--- PROBLEM ---
All that should be output is the block of lines below from the line with "3.非命閣四射手(強度>四力" to the line with "コロナ禍で社員手帳に求められ", both included, exactly as written.

--- EXTRACTED RECORDS ---
----------

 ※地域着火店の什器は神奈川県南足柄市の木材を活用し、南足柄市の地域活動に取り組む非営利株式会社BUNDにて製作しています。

----------

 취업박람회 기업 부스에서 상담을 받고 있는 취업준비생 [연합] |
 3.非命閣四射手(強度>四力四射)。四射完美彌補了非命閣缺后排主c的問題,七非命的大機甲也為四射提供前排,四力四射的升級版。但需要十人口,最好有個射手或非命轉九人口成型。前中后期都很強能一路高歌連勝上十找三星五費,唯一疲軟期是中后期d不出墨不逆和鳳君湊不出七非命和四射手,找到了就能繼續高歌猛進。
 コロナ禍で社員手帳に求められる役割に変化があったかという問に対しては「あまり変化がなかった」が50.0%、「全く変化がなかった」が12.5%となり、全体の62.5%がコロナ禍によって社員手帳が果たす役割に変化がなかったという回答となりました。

----------

--- RESULT ---
 3.非命閣四射手(強度>四力四射)。四射完美彌補了非命閣缺后排主c的問題,七非命的大機甲也為四射提供前排,四力四射的升級版。但需要十人口,最好有個射手或非命轉九人口成型。前中后期都很強能一路高歌連勝上十找三星五費,唯一疲軟期是中后期d不出墨不逆和鳳君湊不出七非命和四射手,找到了就能繼續高歌猛進。
 コロナ禍で社員手帳に求められる役割に変化があったかという問に対しては「あまり変化がなかった」が50.0%、「全く変化がなかった」が12.5%となり、全体の62.5%がコロナ禍によって社員手帳が果たす役割に変化がなかったという回答となりました。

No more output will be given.